(Source data)
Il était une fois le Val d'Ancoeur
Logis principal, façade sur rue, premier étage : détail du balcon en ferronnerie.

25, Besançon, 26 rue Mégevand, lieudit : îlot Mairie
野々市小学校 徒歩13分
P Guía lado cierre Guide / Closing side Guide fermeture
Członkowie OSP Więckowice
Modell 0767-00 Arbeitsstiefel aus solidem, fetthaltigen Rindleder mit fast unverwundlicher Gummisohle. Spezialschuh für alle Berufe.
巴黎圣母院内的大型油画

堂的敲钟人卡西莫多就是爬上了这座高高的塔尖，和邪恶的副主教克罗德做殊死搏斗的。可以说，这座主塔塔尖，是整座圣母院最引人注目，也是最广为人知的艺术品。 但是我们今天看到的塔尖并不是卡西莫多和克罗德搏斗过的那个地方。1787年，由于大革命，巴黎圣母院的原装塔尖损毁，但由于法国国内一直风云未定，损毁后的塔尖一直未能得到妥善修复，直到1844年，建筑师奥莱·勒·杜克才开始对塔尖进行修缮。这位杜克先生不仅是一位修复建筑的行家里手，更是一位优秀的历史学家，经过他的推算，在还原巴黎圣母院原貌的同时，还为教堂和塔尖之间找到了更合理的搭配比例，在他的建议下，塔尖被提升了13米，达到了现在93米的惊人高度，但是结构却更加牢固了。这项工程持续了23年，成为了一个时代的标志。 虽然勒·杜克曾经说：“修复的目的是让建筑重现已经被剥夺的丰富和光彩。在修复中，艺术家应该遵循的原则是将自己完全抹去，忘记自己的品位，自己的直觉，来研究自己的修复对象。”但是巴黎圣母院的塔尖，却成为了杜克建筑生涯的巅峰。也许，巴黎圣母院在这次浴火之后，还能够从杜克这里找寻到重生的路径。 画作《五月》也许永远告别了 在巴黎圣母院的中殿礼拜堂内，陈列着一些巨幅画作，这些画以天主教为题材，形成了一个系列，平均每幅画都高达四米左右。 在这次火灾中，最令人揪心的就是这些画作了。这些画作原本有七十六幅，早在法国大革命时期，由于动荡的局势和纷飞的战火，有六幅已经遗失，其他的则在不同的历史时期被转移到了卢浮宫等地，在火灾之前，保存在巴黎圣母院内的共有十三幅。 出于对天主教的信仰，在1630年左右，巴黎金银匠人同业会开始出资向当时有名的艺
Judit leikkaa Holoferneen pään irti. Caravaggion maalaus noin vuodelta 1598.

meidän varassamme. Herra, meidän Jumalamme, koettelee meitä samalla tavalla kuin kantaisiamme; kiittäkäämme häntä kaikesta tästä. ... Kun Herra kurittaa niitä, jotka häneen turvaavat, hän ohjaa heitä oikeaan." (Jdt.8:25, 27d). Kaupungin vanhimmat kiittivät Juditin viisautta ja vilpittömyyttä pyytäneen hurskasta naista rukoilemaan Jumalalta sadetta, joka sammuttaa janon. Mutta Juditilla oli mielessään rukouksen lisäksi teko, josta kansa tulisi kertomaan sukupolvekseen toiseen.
==
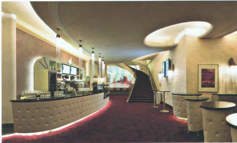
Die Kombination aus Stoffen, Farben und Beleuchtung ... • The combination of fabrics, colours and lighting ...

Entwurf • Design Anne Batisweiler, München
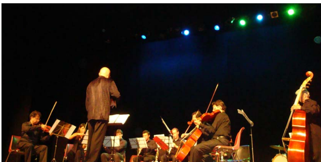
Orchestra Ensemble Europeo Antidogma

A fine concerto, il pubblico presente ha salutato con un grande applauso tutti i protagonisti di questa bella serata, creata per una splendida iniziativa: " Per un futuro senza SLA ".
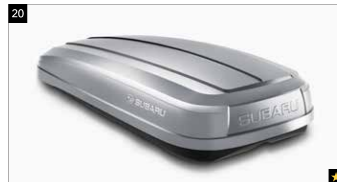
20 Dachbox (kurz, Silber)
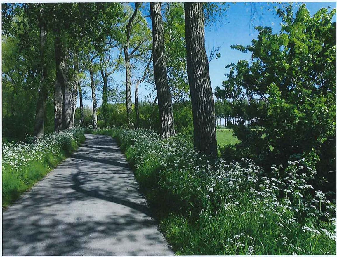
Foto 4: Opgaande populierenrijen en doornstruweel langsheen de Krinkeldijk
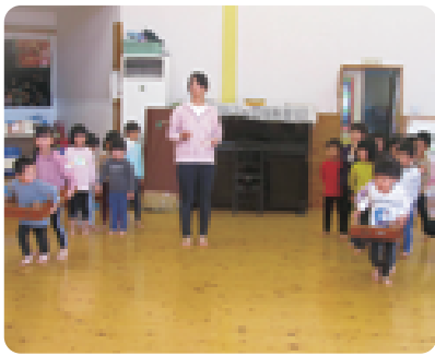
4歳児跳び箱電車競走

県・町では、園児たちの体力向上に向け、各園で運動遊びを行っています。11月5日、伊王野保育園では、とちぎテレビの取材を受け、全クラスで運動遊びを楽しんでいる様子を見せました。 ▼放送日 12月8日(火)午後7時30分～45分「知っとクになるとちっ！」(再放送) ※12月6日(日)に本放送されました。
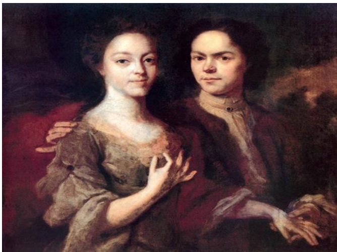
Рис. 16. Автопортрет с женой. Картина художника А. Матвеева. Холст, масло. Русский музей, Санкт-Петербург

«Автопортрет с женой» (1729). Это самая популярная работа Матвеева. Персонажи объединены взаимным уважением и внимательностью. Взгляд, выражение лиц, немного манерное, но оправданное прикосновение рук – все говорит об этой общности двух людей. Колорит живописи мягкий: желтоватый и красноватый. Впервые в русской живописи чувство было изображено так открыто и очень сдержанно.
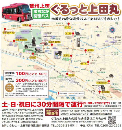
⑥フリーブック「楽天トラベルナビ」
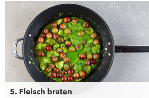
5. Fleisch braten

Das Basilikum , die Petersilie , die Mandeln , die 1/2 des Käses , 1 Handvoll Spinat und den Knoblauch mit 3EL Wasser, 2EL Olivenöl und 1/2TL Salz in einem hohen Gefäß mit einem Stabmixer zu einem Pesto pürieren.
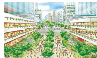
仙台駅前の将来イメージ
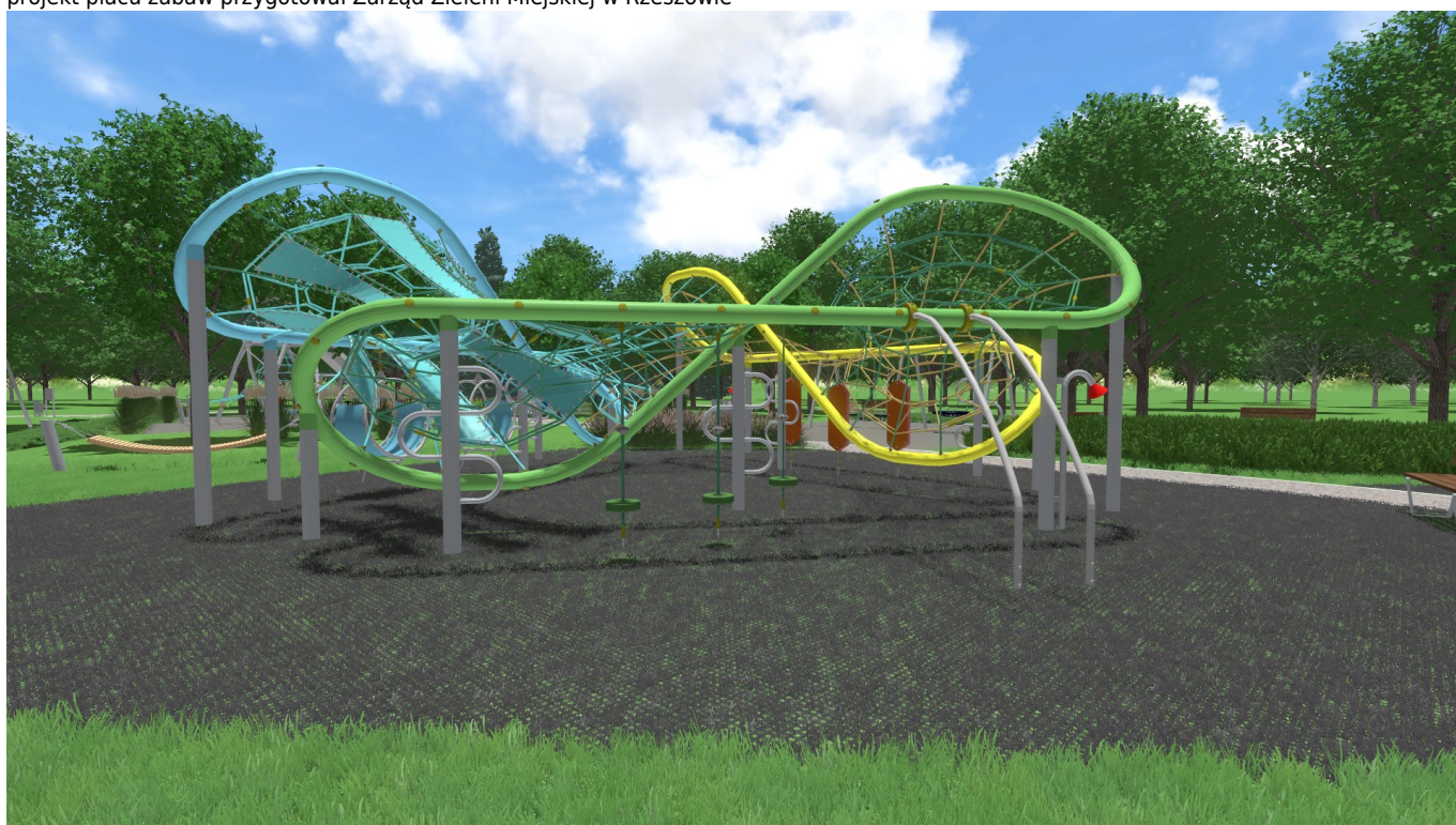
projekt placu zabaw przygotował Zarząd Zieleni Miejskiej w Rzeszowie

## What is needed
Find the word "женой" in the data and show each line that holds it.

## Answer section
Рис. 16. Автопортрет с женой. Картина художника А. Матвеева. Холст, масло. Русский музей, Санкт-Петербург
«Автопортрет с женой» (1729). Это самая популярная работа Матвеева. Персонажи объединены взаимным уважением и внимательностью. Взгляд, выражение лиц, немного манерное, но оправданное прикосновение рук – все говорит об этой общности двух людей. Колорит живописи мягкий: желтоватый и красноватый. Впервые в русской живописи чувство было изображено так открыто и очень сдержанно.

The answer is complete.